In a widely publicized letter to Israel's ambassador to Germany, Norbert Bluem, a
former labor minister under Chancellor Helmut Kohl, described the Israeli offensive
as a "war of annihilation" - the very term employed by Adolf Hitler to describe the
1941 invasion of the Soviet Union.

And Juergen Moellemann, deputy chairman of the liberal Free Democrats, a likely
coalition partner in the next German government, said of Palestinian violence, "I
would resist too, and use force to do so," adding that would apply "not just in my
country but in the aggressor's country as well."

Such deliberately provocative language was once taboo outside far-right and far-left
circles here. And some observers view the political mainstreaming of anti-Israeli
sentiment as more than an immediate response to the crisis, but a deeper
expression of Germany's desire not to be shackled by history as the unified republic
assumes a greater role on the world stage.

"There is no question there has been a shift," said Deidre Berger, director of the
American Jewish Committee office in Berlin. "This is critical issue for Germany. They
are trying to assert themselves: We are a European player and while we are mindful
of history, we don't need to feel constrained by it."

Stein, the Israeli ambassador, said the current situation is the "immediate trigger" 
for
the German response. But, he said, Germany has been "soul searching" since
unification and the end of the Cold War.

"There is a reexamination of the German role and, part and parcel of that, they are
redefining their relations with us," Stein said.

There have been a number of demonstrations of solidarity with the Palestinians in
German cities in recent days, but what is unusual about the political criticism is that
much of the strongest language is emanating from Christian Democrats, the bulwark
of the pro-Israeli policy of recent decades.

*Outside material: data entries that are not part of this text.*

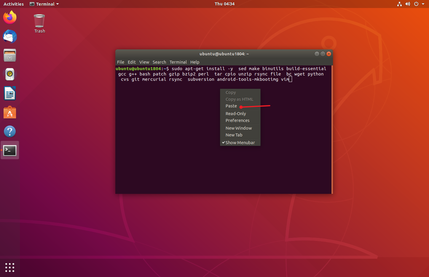 - 安装必要软件包, 鼠标点击进入 ubuntu界面内,键盘同时 按下 ctrl + alt + t 三个按键会快速唤起,终端界面,唤起成功后,在终端里面执行如下命令进行安装必要依赖包。
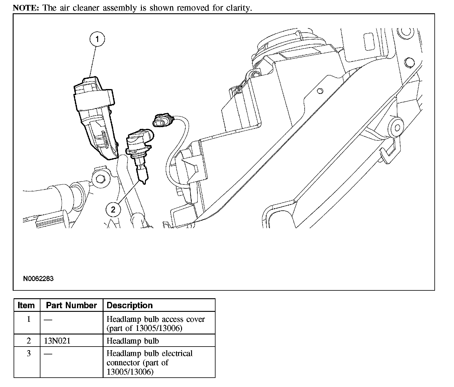 1. Remove the headlamp bulb access cover.
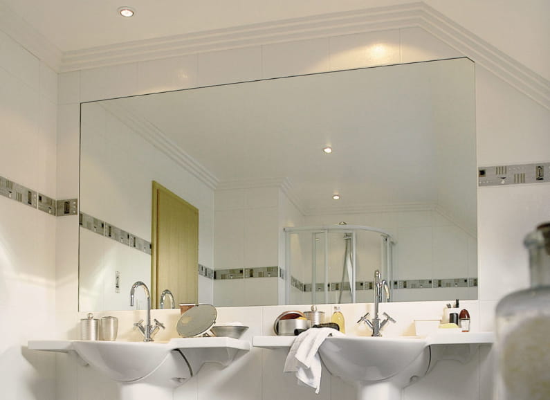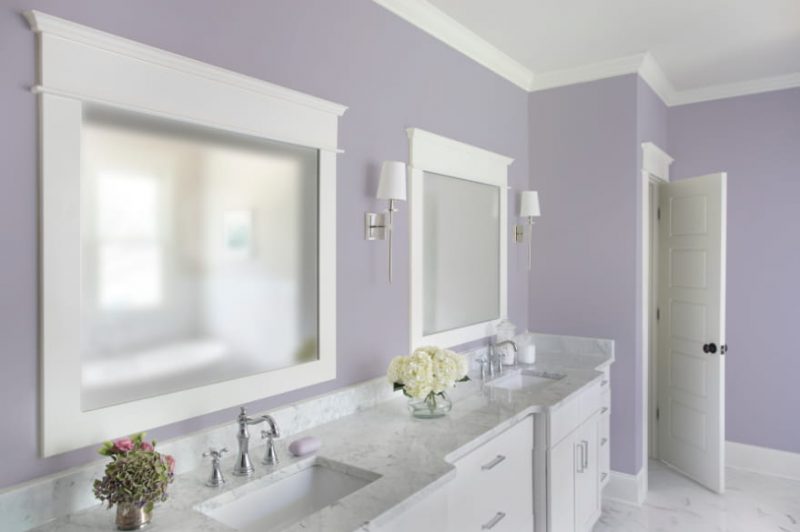 This light purple bathroom is a bit unusual, but it looks attractive with the combination of white moldings and large mirrors. The moldings used in this bathroom are quite simple. However, they are perfect for it because they balance the unusual bathroom color beautifully.
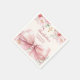 A cream, beige background colour. Decorated with a large pink bow and a golden cross and pink flowers. Personalise and add the name and date.
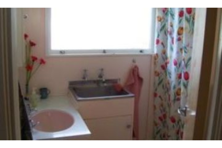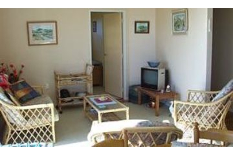 This home is located across the road from the beach with great views of the sea and the grass reserve in front of the beach. There is a small fibrolite deck outside the lounge ranchsliders with two chairs and a small table to help you enjoy the outdoors..
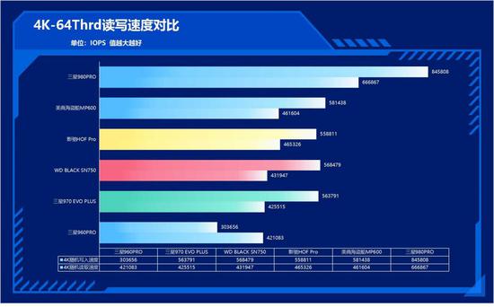 在AS SSD软件测试(10GB文件写入量设置)下,三星980PRO的4K随机性能遥遥领先。可能有人发现PCIe3.0 SSD的性能表现也相当不错,这就充分说明PCIe 4.0 X 4通道,更能让SSD的性能发挥到极致。在相同的环境下,三星980PRO 4K随机写入超过845K IOPS,相比旗舰级PCIe3.0 SSD速度提升了接近50%,相比第一代PCIe 4.0主控SSD竟也接近50%。(PS:这里可能存在测试平台的差异)4K随机读取超过666K IOPS,在PCIe3.0基础上提升了54.5%,比第一代PCIe 4.0主控性能提升了43.2%。
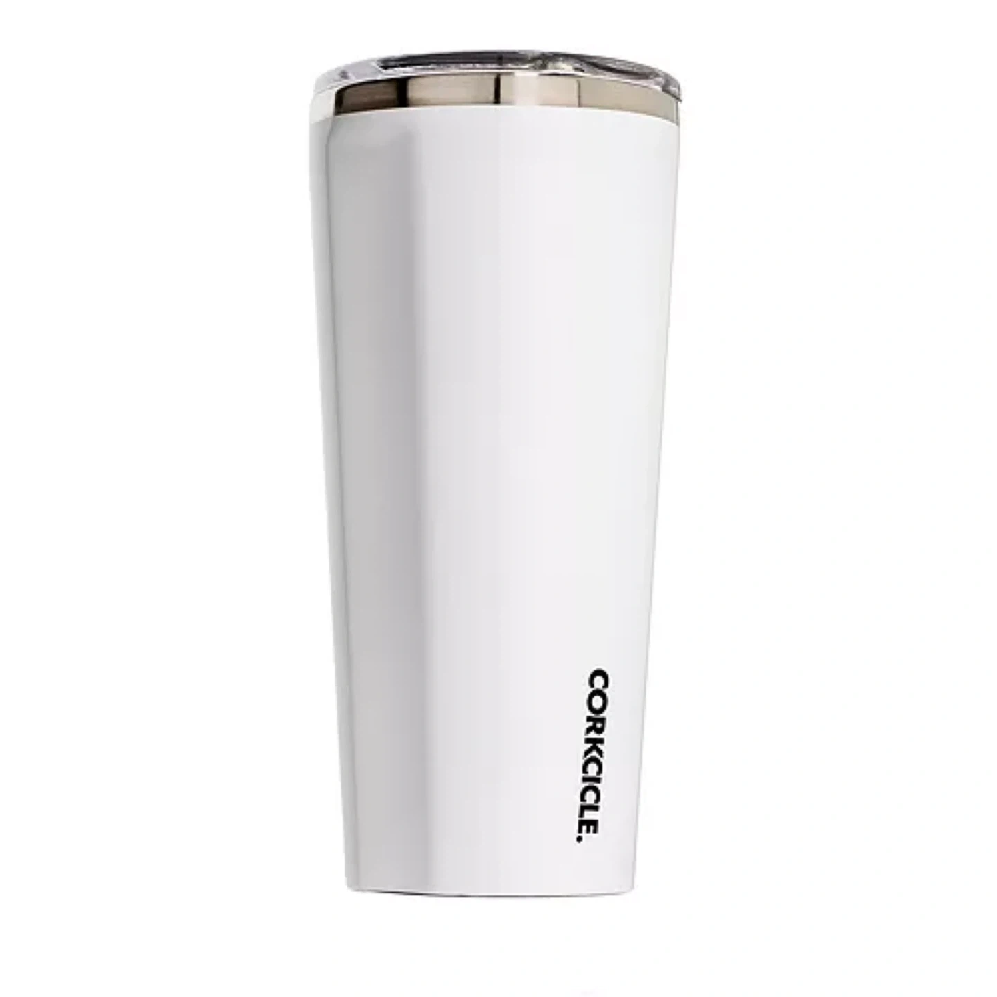 This is a white Corkcicle tumbler with a secure lid. It's made of durable material to keep drinks at the desired temperature. Its simple design makes it suitable for everyday use.
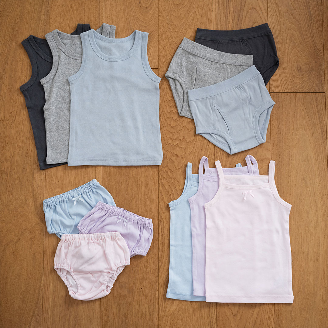 シンプルなデザインのインナーウェアは、それぞれ洗い替えに便利な3枚セット。キャミ&タンクは長めの丈で、背中がのぞきにくいのが◎。ショーツ&ブリーフはやわらかなはき心地でストレスフリー。綿100%素材で肌あたりがやさしく伸縮性にも優れているから、お着替えだってラクラク♪
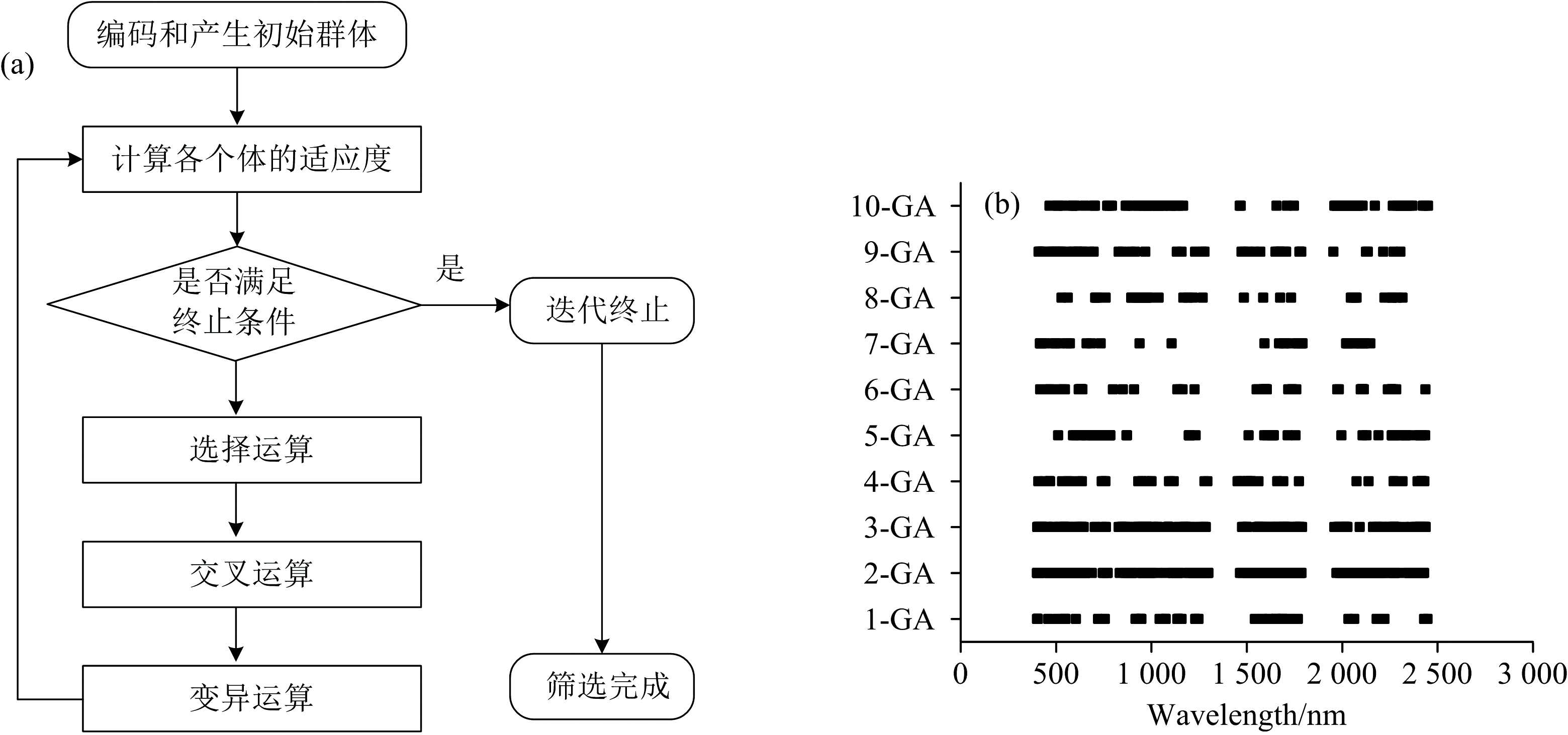 采用GA算法, 分别筛选10个分解尺度特征波段, 由图9(a)可知, GA算法据预定的目标函数对样本进行评估, 给出一个适应度值, 基于此适应度值, 选择最佳样本。 图9(b), 第1~5、 9~10尺度选择的特征波长在400~2 500 nm分布较为均匀; 第6~8尺度选择的特征波长主要分布于760~2 500 nm近红外波段。 不同尺度筛选特征数量占全波段数量的2.45%、 9.87%、 11.12%、 3.59%、 3.99%、 3.88%、 1.94%、 2.05%、 2.91%、 3.94%。 逐尺度计算所筛选特征波段的均方根, 构建GA-EFV。
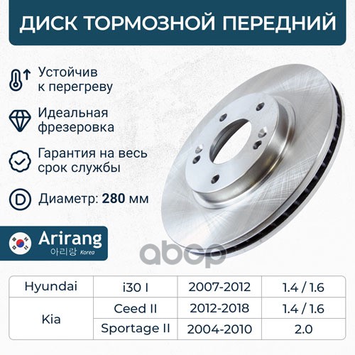 Диск переднего тормоза D280mm Kia (Cee'd 07-12 Sportage II 04-10) Hyundai (i30 I 07-09/09-12)
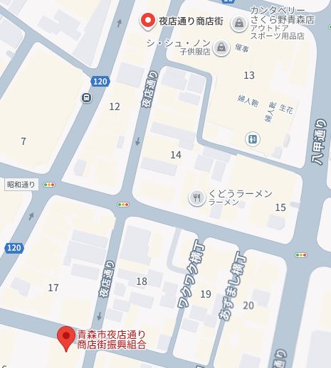 夜店通り商店街 事務局:青森市古川一丁目16番4号
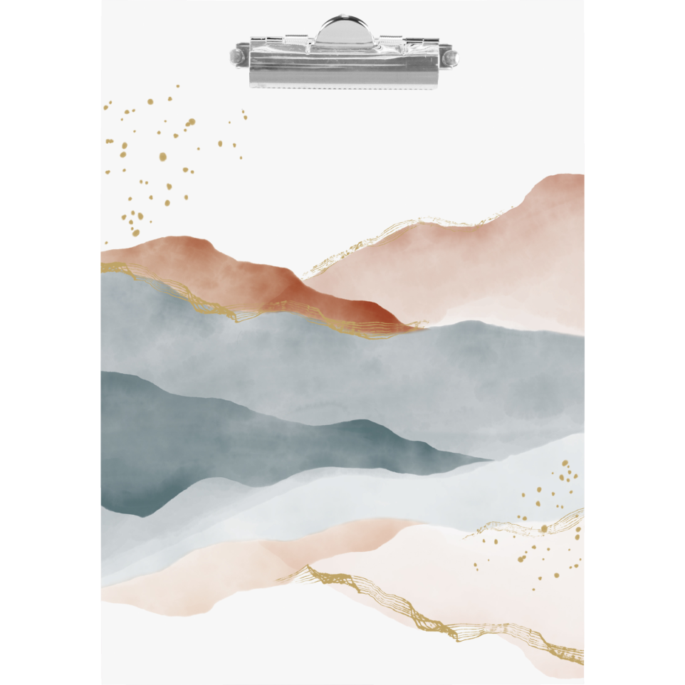 Evanescence, Porte-bloc 23x33cm Edith Duprez-Chenu est créatrice de motifs et illustratrice chez Edith and Co Design. Passionnée par les couleurs, les matières, les motifs dans tout ce qui l'entoure, Edith Duprez s'efforce de capturer la beauté de la vie à travers des coups de pinceau fluides et intuitifs. Pour cela, elle affectionne particulièrement l'aquarelle, ce medium qui a sa propre expression, sa délicatesse et qui révèle des couleurs imprévisibles ! Dans cette nouvelle collection, Edith mêle formes géométriques et abstraites, line art et paysages aquarellés dans des nuances de rose, beige, ocre et bleu. Ces teintes poudrées sont sublimées par des touches dorées pour un rendu plein de douceur. 1 visuel paysage bleu. Fabriqué à base de carton certifié PEFC, pelliculage satiné, sérigraphie or. Pratique, il est suffisamment rigide pour permettre la prise de note en toute situation. Un petit trou derrière la pince permet d'accrocher le porte-bloc sur un crochet mural.
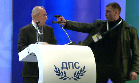 Tsvetan Tsvetanov, the interior minister, is reported to have said that the attacker tried to fire two shots but "most likely the gun misfired". However, other reports suggest that the weapon was a gas pistol, a non-lethal weapon used for self-defence, which can cause serious injuries when fired from close range.
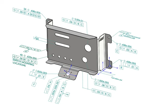 The process is similar to working with 2D drawings (*.slddrw). In just a couple of steps, you can set up a project and then define with simple checkboxes if you need to include or exclude Dimensions, Notes, GD&Ts, Hole Callouts, etc. SOLIDWORKS Inspection automatically adds the balloons to the PMIs so that quality inspectors can refer to the inspection spreadsheet and the 3D model to understand the characteristics to inspect.
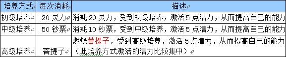 角色通过培养把潜力随机转化为武力,法力,敏捷,体力 四项基础属性,需要角色拥有剩余潜力点数与对应培养方式的消耗品。

After World War II, the Christian Democratic government of Konrad Adenauer staked
the restoration of Germany's reputation, in part, on good relations with Israel, and 
his
descendants in the Christian Democratic Union elevated a pro-Israeli stance to
something of an article of faith. But Bluem said recently it was now time to break the
"taboo" of not criticizing Israel.

Karl Lamers, the foreign policy spokesman for the Christian Democrats in
Parliament, distanced himself from Bluem's choice of words but said in an interview:
"Not in spite of our special responsibility to Israel's security, but because it, we 
should
not say 'Yes' to everything that happens. This policy of the present Israeli
government could lead to a catastrophe, first for Israel, but then for the region and
the West.

"Germany used to not look out beyond Europe," he added, "but it must now."

The opposition's candidate for chancellor in national elections this September,
however, took a more traditional line during a recent interview with American
journalists.

"The sovereignty, the right of Israel to exist, is unimpeachable, and that includes the
right to life without terror," said Edmund Stoiber, premier of Bavaria and leader of 
the
Christian Social Union, the Christian Democrats' sister party in Bavaria. "Therefore,
we do not confuse, as others do, cause and effect."